TASK INSTRUCTIONS: Leaving the pictures aside, return all of the data below exactly.

DATA SECTION:
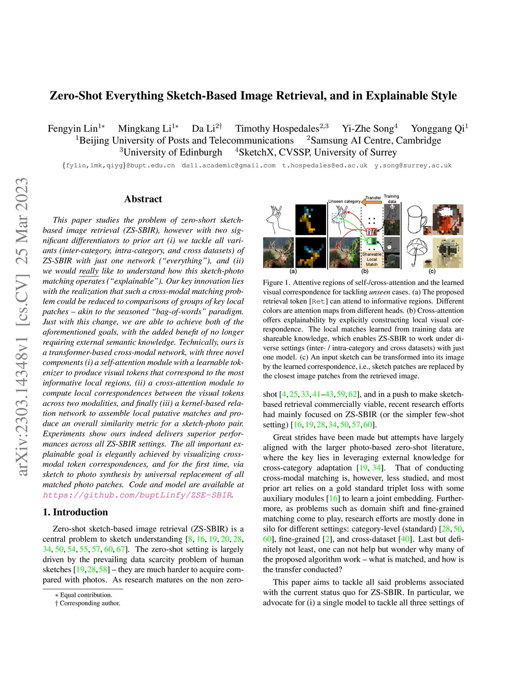 This paper studies the problem of zero-short sketch-based image retrieval (ZS-SBIR), however with two significant differentiators to prior art (i) we tackle all variants (inter-category, intra-category, and cross datasets) of ZS-SBIR with just one network (``everything''), and (ii) we would really like to understand how this sketch-photo matching operates (``explainable''). Our key innovation lies with the realization that such a cross-modal matching problem could be reduced to comparisons of groups of key local patches -- akin to the seasoned ``bag-of-words'' paradigm. Just with this change, we are able to achieve both of the aforementioned goals, with the added benefit of no longer requiring external semantic knowledge. Technically, ours is a transformer-based cross-modal network, with three novel components (i) a self-attention module with a learnable tokenizer to produce visual tokens that correspond to the most informative local regions, (ii) a cross-attention module to compute local correspondences between the visual tokens across two modalities, and finally (iii) a kernel-based relation network to assemble local putative matches and produce an overall similarity metric for a sketch-photo pair. Experiments show ours indeed delivers superior performances across all ZS-SBIR settings. The all important explainable goal is elegantly achieved by visualizing cross-modal token correspondences, and for the first time, via sketch to photo synthesis by universal replacement of all matched photo patches. Code and model are available at \url{https://github.com/buptLinfy/ZSE-SBIR}.
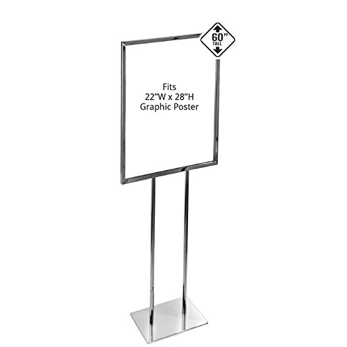 This metal single-frame easel display measures 22″W x 28″H. The base measures 14.25″W x 10″D. Overall height is 60″H. Available in chrome color only. 22″W x 28″H, Available in chrome color only, Overall height is 60″H, Metal Construction, Item Id: 85-300702
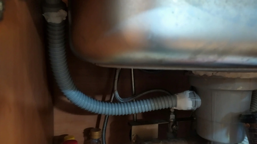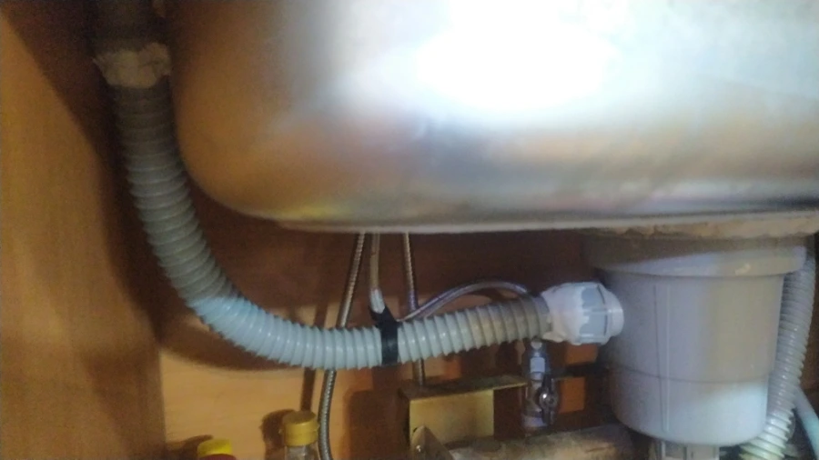 전 위 사진에서 보이는 배수 라인이 마음에 들지 않아 양 끝단의 하얀 퍼티를 제거하고 길이를 짧게 단축시켜 재연결했어요. 아래 사진처럼요. 만약 정체된다면 개수대 측면 배수구에 물이나 세정액을 쏟아부어 고인 이물질을 세척할 예정이랍니다.

RESPONSE TO THIS TASK:
 This paper studies the problem of zero-short sketch-based image retrieval (ZS-SBIR), however with two significant differentiators to prior art (i) we tackle all variants (inter-category, intra-category, and cross datasets) of ZS-SBIR with just one network (``everything''), and (ii) we would really like to understand how this sketch-photo matching operates (``explainable''). Our key innovation lies with the realization that such a cross-modal matching problem could be reduced to comparisons of groups of key local patches -- akin to the seasoned ``bag-of-words'' paradigm. Just with this change, we are able to achieve both of the aforementioned goals, with the added benefit of no longer requiring external semantic knowledge. Technically, ours is a transformer-based cross-modal network, with three novel components (i) a self-attention module with a learnable tokenizer to produce visual tokens that correspond to the most informative local regions, (ii) a cross-attention module to compute local correspondences between the visual tokens across two modalities, and finally (iii) a kernel-based relation network to assemble local putative matches and produce an overall similarity metric for a sketch-photo pair. Experiments show ours indeed delivers superior performances across all ZS-SBIR settings. The all important explainable goal is elegantly achieved by visualizing cross-modal token correspondences, and for the first time, via sketch to photo synthesis by universal replacement of all matched photo patches. Code and model are available at \url{https://github.com/buptLinfy/ZSE-SBIR}.
 This metal single-frame easel display measures 22″W x 28″H. The base measures 14.25″W x 10″D. Overall height is 60″H. Available in chrome color only. 22″W x 28″H, Available in chrome color only, Overall height is 60″H, Metal Construction, Item Id: 85-300702
 전 위 사진에서 보이는 배수 라인이 마음에 들지 않아 양 끝단의 하얀 퍼티를 제거하고 길이를 짧게 단축시켜 재연결했어요. 아래 사진처럼요. 만약 정체된다면 개수대 측면 배수구에 물이나 세정액을 쏟아부어 고인 이물질을 세척할 예정이랍니다.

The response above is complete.